(Records from a data collection)
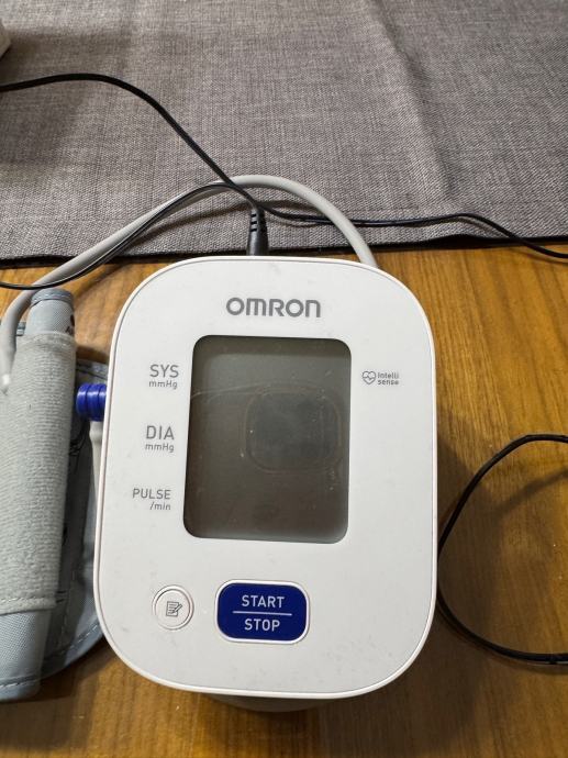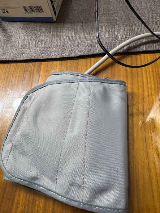 Tlakomjer je korišten 6 mjeseci, povremeno. Potpuno je ispravan i odlično očuvan. Uz tlakomjer dolazi adapter i upute za korištenje. Tlakomjer pamti rezultate 30 zadnjih mjerenja tlaka za 1 osobu.
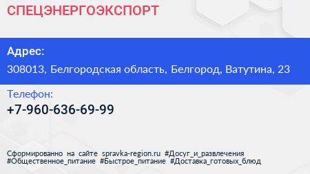 СПЕЦЭНЕРГОЭКСПОРТ по адресу 308013, Белгородская область, Белгород, Ватутина, 23 в дальнейшем Организация, размещена в следующих категориях:
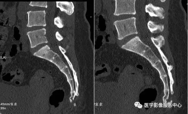 病人女性,外伤后骶尾部疼痛,dr片示骶尾关节对应关系差,骶5椎体欠规则。ct重建示骶5椎体粉碎性骨折!
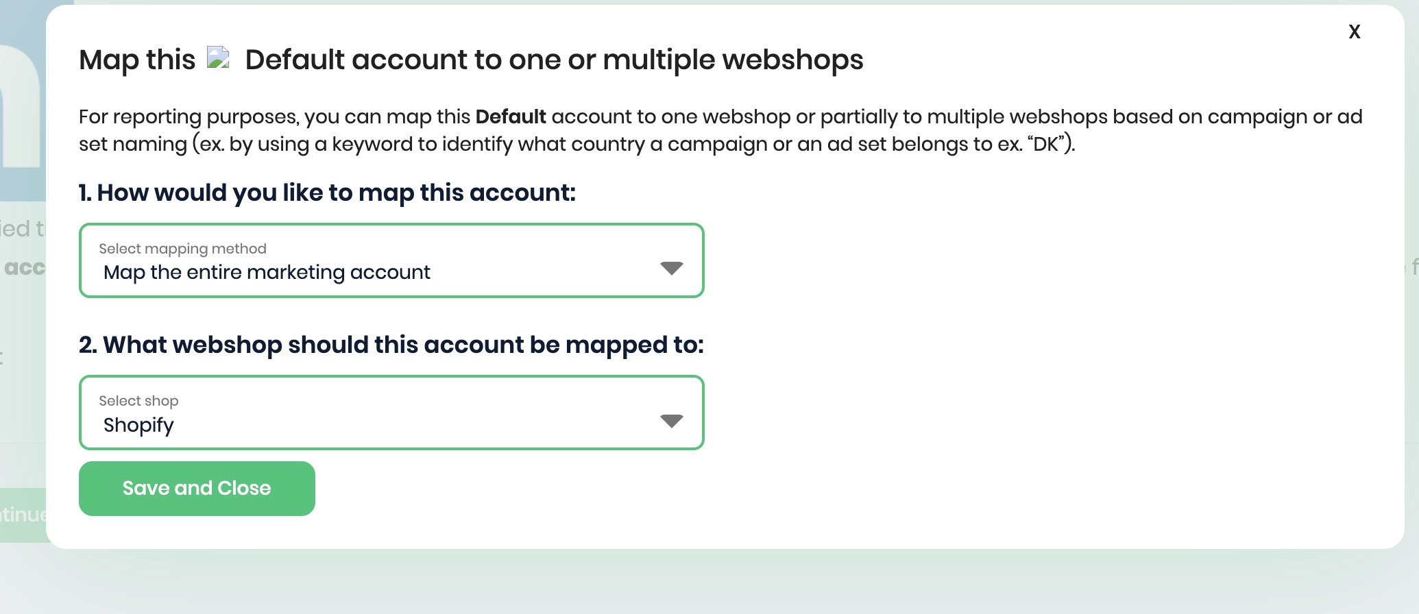 Last step, if you operate multiple stores is to map the Sheet marketing integration to a Store. This is for multi store reporting only and is not mandatory:
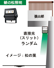 照明器具はそれぞれの光が干渉しないよう取付角度,フードなどで照射範囲を限定している。蛸の松照明は照明器具をボックスに内蔵し,スリットからのみ光が出る作りとなっている。LED光源の発光部が小さいため,スリット光がシャープになり,ボックスもコンパクトになっている。
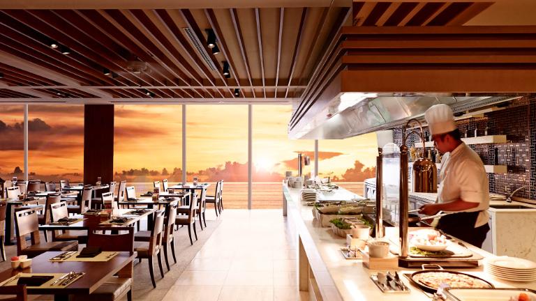 라세느 뷔페의 양식 코너에서는 스테이크, 양고기, 파스타, 리조또 등 다양한 서양 요리를 맛볼 수 있습니다. 그릴 코너에서는 고기와 채소를 즉석에서 구워내어 그 풍미를 그대로 즐길 수 있습니다.
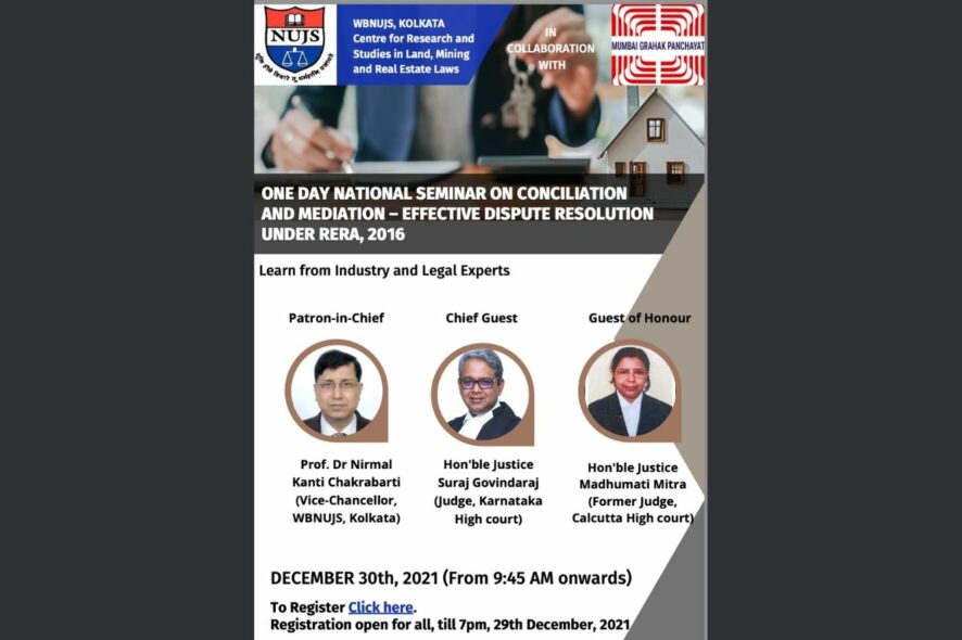 Hon’ble Justice Suraj Govindaraj Sir, Judge, Karnataka High Court will be joining the seminar as the Chief Guest. Hon’ble Justice Madhumati Mitra, Former Judge, Calcutta High Court will be the ‘Guest of Honour’. Shri Ajoy Mehta (Chairman Maharashtra RERA), Shri Ravindra Dutt, (Conciliator Consultant UP RERA & Former PCS), Shri Tariq Khan (Registrar, International Arbitration and Mediation Center, Hyderabad), Dr Niranjan Hiranandani (Vice Chairman, National Real Estate Development Council), Shri Nandu Belani (President, CREDAI Bengal), Shri Pranay Lekhi (Legal Advisor (International Arbitration), Allen & Overy, London) and many more dignitaries will be joining us as guest speakers.
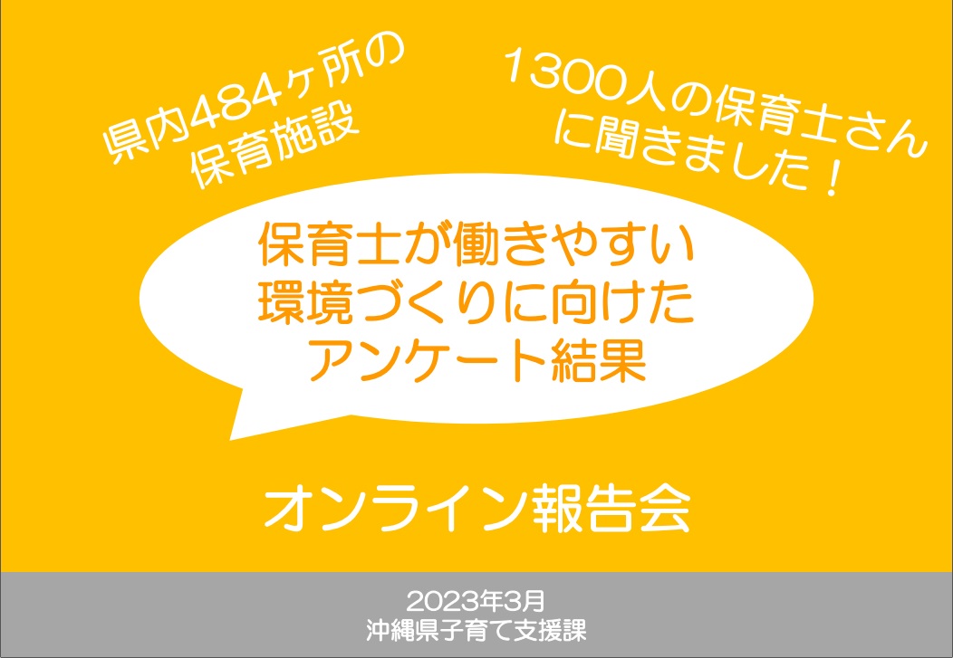 沖縄県内の保育施設では、必要な保育士数が確保できず定員割れが生じるなど、保育士不足が深刻である。そこで、保育士の労働環境や人材確保の実態を把握するための調査を実施した。6割弱の施設から回答があり、課題意識の高さがうかがえたとともに、離職率の低い施設に対するヒアリング、保育士のグループインタビューを実施し、保育士に好評な取組みを収集、調査結果はオンライン報告会で公表し、保育士の働きやすい環境づくりに向け、前向きな取組みの方向性を共有した。
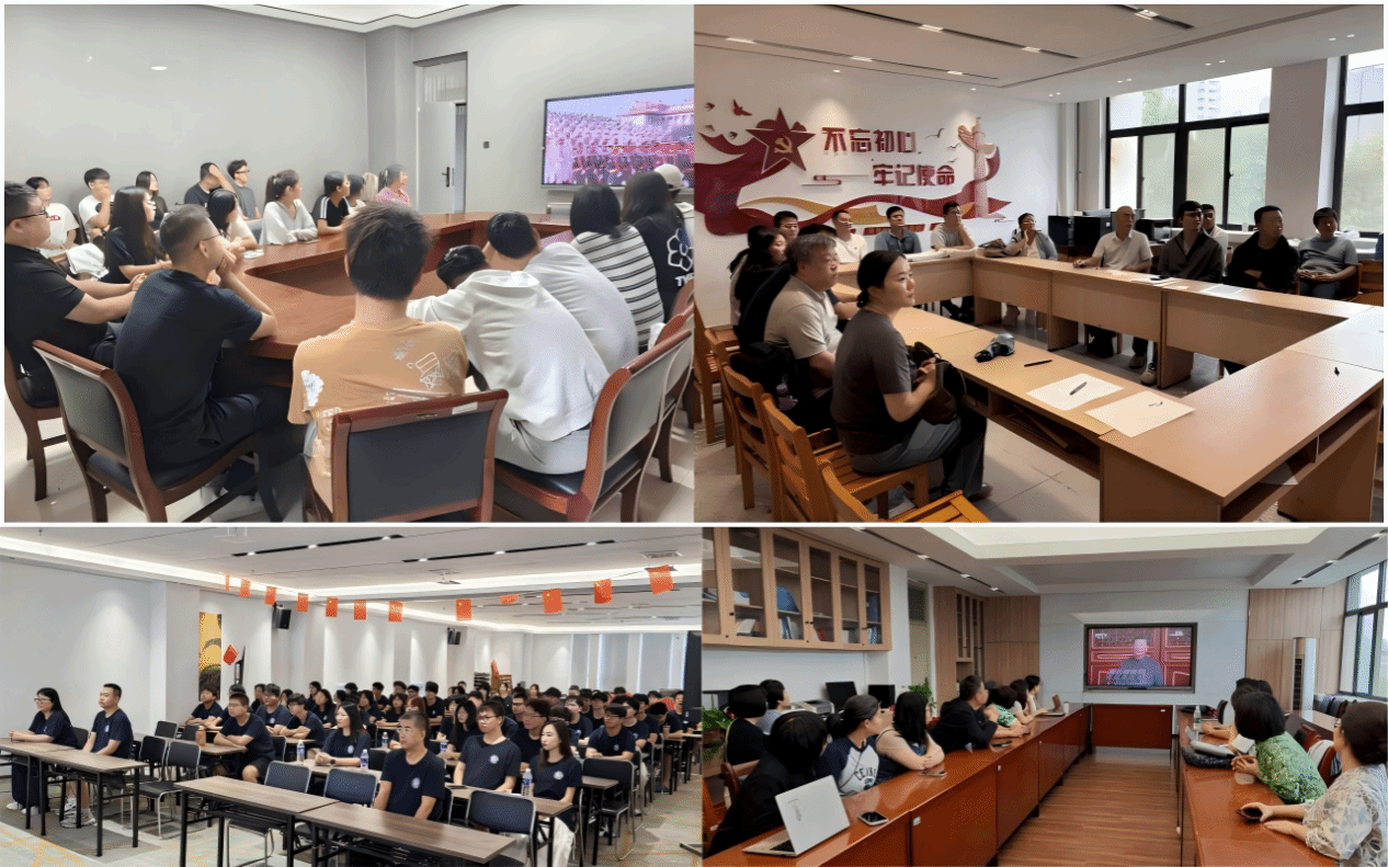 9月3日上午9时,纪念中国人民抗日战争暨世界反法西斯战争胜利80周年大会在北京天安门广场隆重举行。Ray竞技官网党委精心组织学院师生以党支部为单位,分别在教学大楼806教室、学府城3-201会议室及武汉认识实习住所会议室等多地,集中收看大会实况转播。学院党委委员、领导班子成员与230余名师生共同参与了此次观看活动。

BRIEF: Write the records out again verbatim and omit the pictures they contain.

TASK ANSWER:
 Tlakomjer je korišten 6 mjeseci, povremeno. Potpuno je ispravan i odlično očuvan. Uz tlakomjer dolazi adapter i upute za korištenje. Tlakomjer pamti rezultate 30 zadnjih mjerenja tlaka za 1 osobu.
 СПЕЦЭНЕРГОЭКСПОРТ по адресу 308013, Белгородская область, Белгород, Ватутина, 23 в дальнейшем Организация, размещена в следующих категориях:
 病人女性,外伤后骶尾部疼痛,dr片示骶尾关节对应关系差,骶5椎体欠规则。ct重建示骶5椎体粉碎性骨折!
 Last step, if you operate multiple stores is to map the Sheet marketing integration to a Store. This is for multi store reporting only and is not mandatory:
 照明器具はそれぞれの光が干渉しないよう取付角度,フードなどで照射範囲を限定している。蛸の松照明は照明器具をボックスに内蔵し,スリットからのみ光が出る作りとなっている。LED光源の発光部が小さいため,スリット光がシャープになり,ボックスもコンパクトになっている。
 라세느 뷔페의 양식 코너에서는 스테이크, 양고기, 파스타, 리조또 등 다양한 서양 요리를 맛볼 수 있습니다. 그릴 코너에서는 고기와 채소를 즉석에서 구워내어 그 풍미를 그대로 즐길 수 있습니다.
 Hon’ble Justice Suraj Govindaraj Sir, Judge, Karnataka High Court will be joining the seminar as the Chief Guest. Hon’ble Justice Madhumati Mitra, Former Judge, Calcutta High Court will be the ‘Guest of Honour’. Shri Ajoy Mehta (Chairman Maharashtra RERA), Shri Ravindra Dutt, (Conciliator Consultant UP RERA & Former PCS), Shri Tariq Khan (Registrar, International Arbitration and Mediation Center, Hyderabad), Dr Niranjan Hiranandani (Vice Chairman, National Real Estate Development Council), Shri Nandu Belani (President, CREDAI Bengal), Shri Pranay Lekhi (Legal Advisor (International Arbitration), Allen & Overy, London) and many more dignitaries will be joining us as guest speakers.
 沖縄県内の保育施設では、必要な保育士数が確保できず定員割れが生じるなど、保育士不足が深刻である。そこで、保育士の労働環境や人材確保の実態を把握するための調査を実施した。6割弱の施設から回答があり、課題意識の高さがうかがえたとともに、離職率の低い施設に対するヒアリング、保育士のグループインタビューを実施し、保育士に好評な取組みを収集、調査結果はオンライン報告会で公表し、保育士の働きやすい環境づくりに向け、前向きな取組みの方向性を共有した。
 9月3日上午9时,纪念中国人民抗日战争暨世界反法西斯战争胜利80周年大会在北京天安门广场隆重举行。Ray竞技官网党委精心组织学院师生以党支部为单位,分别在教学大楼806教室、学府城3-201会议室及武汉认识实习住所会议室等多地,集中收看大会实况转播。学院党委委员、领导班子成员与230余名师生共同参与了此次观看活动。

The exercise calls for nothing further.